**What needs to be done:** The copy should hold exactly the lines below from the one that contains "An air-warden in" through the one that contains "QUETTA: Different delegations" and nothing else, so no pictures.
======== Data records ========
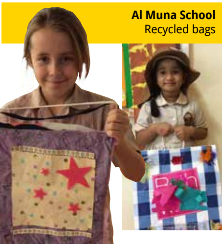
Al Muna School Recycled bags
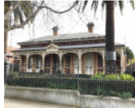
39 Clarence Street, Malvern East
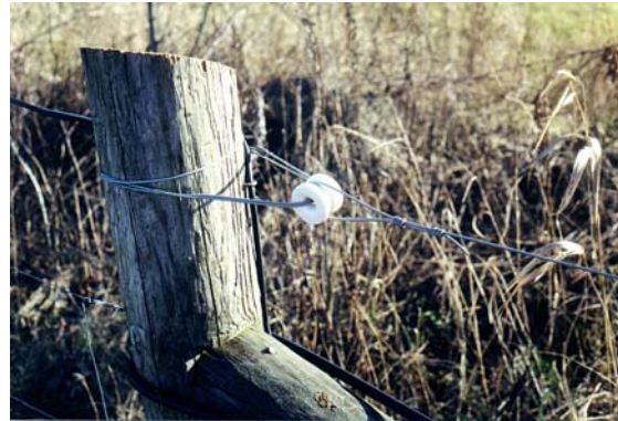
Figure 3 Donut insulator

White porcelain donut insulator: Figure 3 shows a porcelain donut style insulator that has been used in electric fencing for decades. It is a very good insulator, easily available and cheap. The problem with it is its strength. These weren't intended to be used with high tensile wire systems but if installed properly will hold up pretty well. To help distribute the force exerted by the wire, notice in the picture how the fence wire is wrapped around the insulator one full turn before it is tied off. This helps distribute the force around the entire insulator.
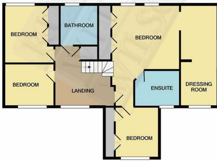
1ST FLOOR APPROX. FLOOR AREA 706 SQ.FT. (65.6 SQ.M.)

TOTAL APPROX. FLOOR AREA 1488 SQ.FT. (138.2 SQ.M.)
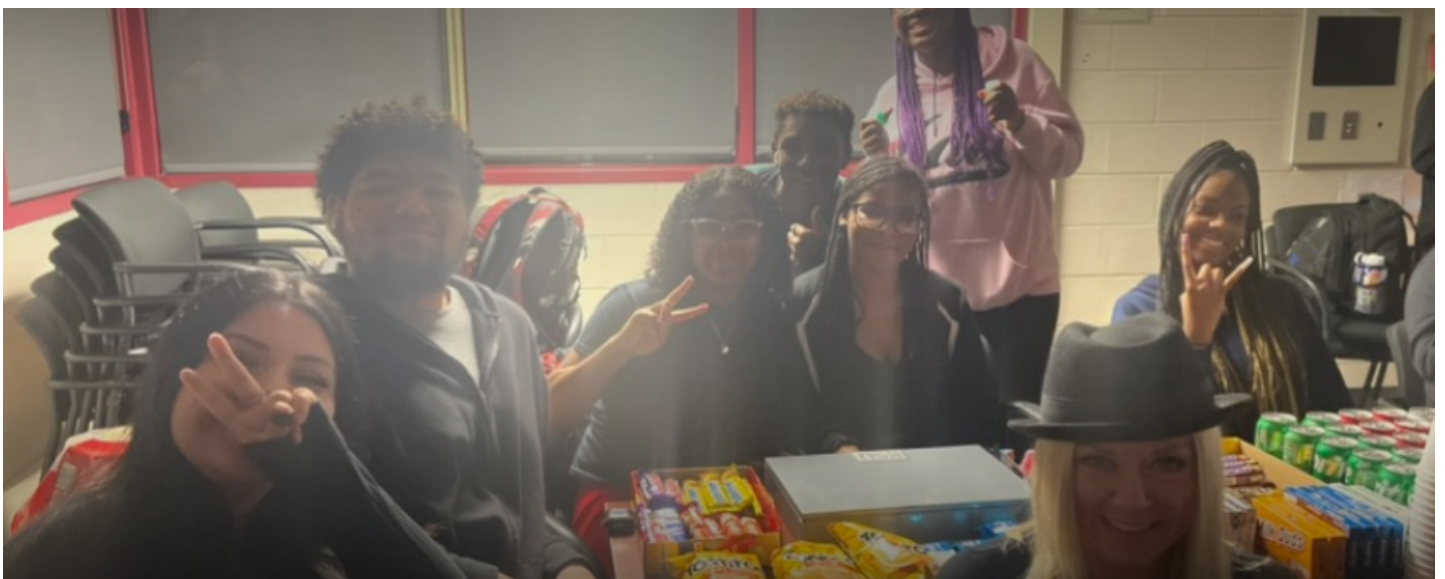
ASPIRE Field Trip
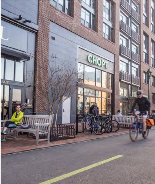
Ground-floor retail incorporates transparency and outdoor seating areas oriented onto the Capital Crescent Trail.

The upper floors of buildings should step back from the trail to allow access to sunlight and sky views as well as to provide compatibility with detached homes in close proximity. Building orientation along the trail should include elements such as entrances to common areas or retail, ground-floor transparency, individual unit entrances, outdoor terraces, plantings and seating areas. If the building does not provide orientation to the trail, it should include a larger setback with a planted landscape buffer.
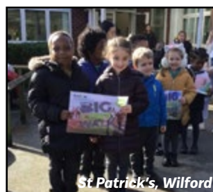
St Patrick's, Wilford
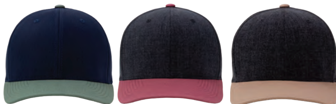
BLUE NIGHTS/ LAUREL HEATHER DARK GREY/ROAN ROUGE HEATHER BLACK/ PORTABELLA
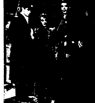
An air-warden in bomb-battered London gives the "all clear" signal in this scene from "One Night in Lisbon" which comes to the Punch and Judy Theatre this Friday thru Monday.
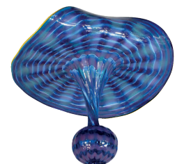
Dale Chihuly (b. 1941)
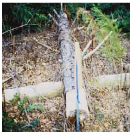
Tordon K plot the summer after treatment
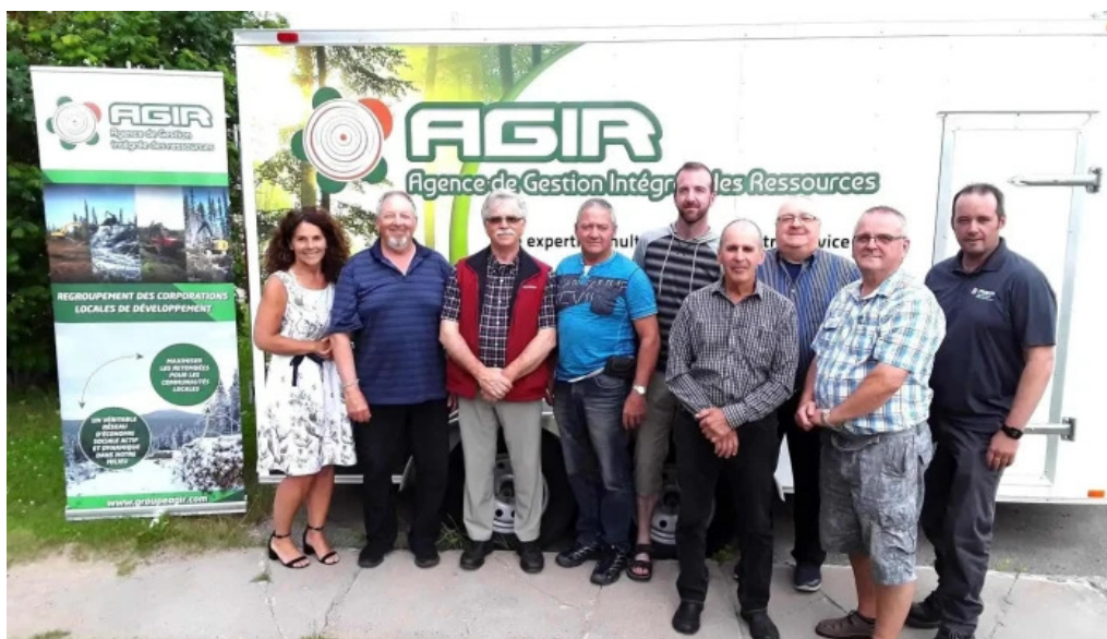
Agence de gestion intégrée des ressources agir all
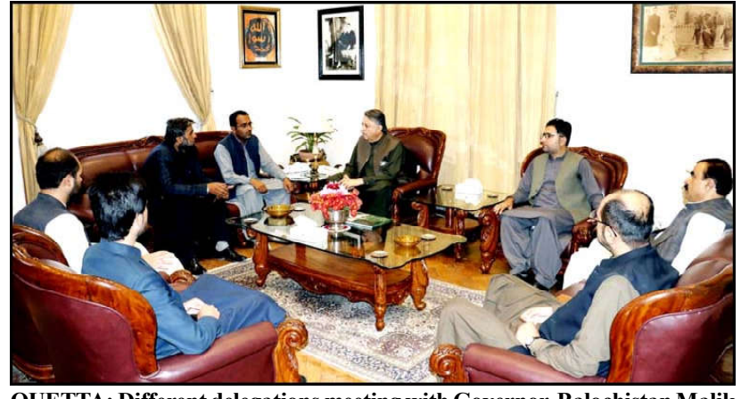
QUETTA: Different delegations meeting with Governor Balochistan Malik Abdul Wali Khan Kakar

Caretaker federal ministers for interior, energy and information & broadcasting, provincial chief secretaries and relevant federal secretaries attended the meeting.
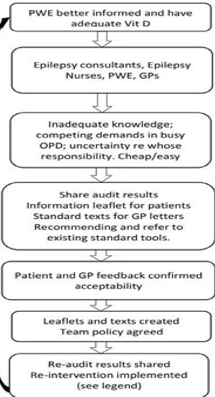
B: Bone health in epilepsy example
========
**Answer to this exercise:**
An air-warden in bomb-battered London gives the "all clear" signal in this scene from "One Night in Lisbon" which comes to the Punch and Judy Theatre this Friday thru Monday.
Dale Chihuly (b. 1941)
Tordon K plot the summer after treatment
Agence de gestion intégrée des ressources agir all
QUETTA: Different delegations meeting with Governor Balochistan Malik Abdul Wali Khan Kakar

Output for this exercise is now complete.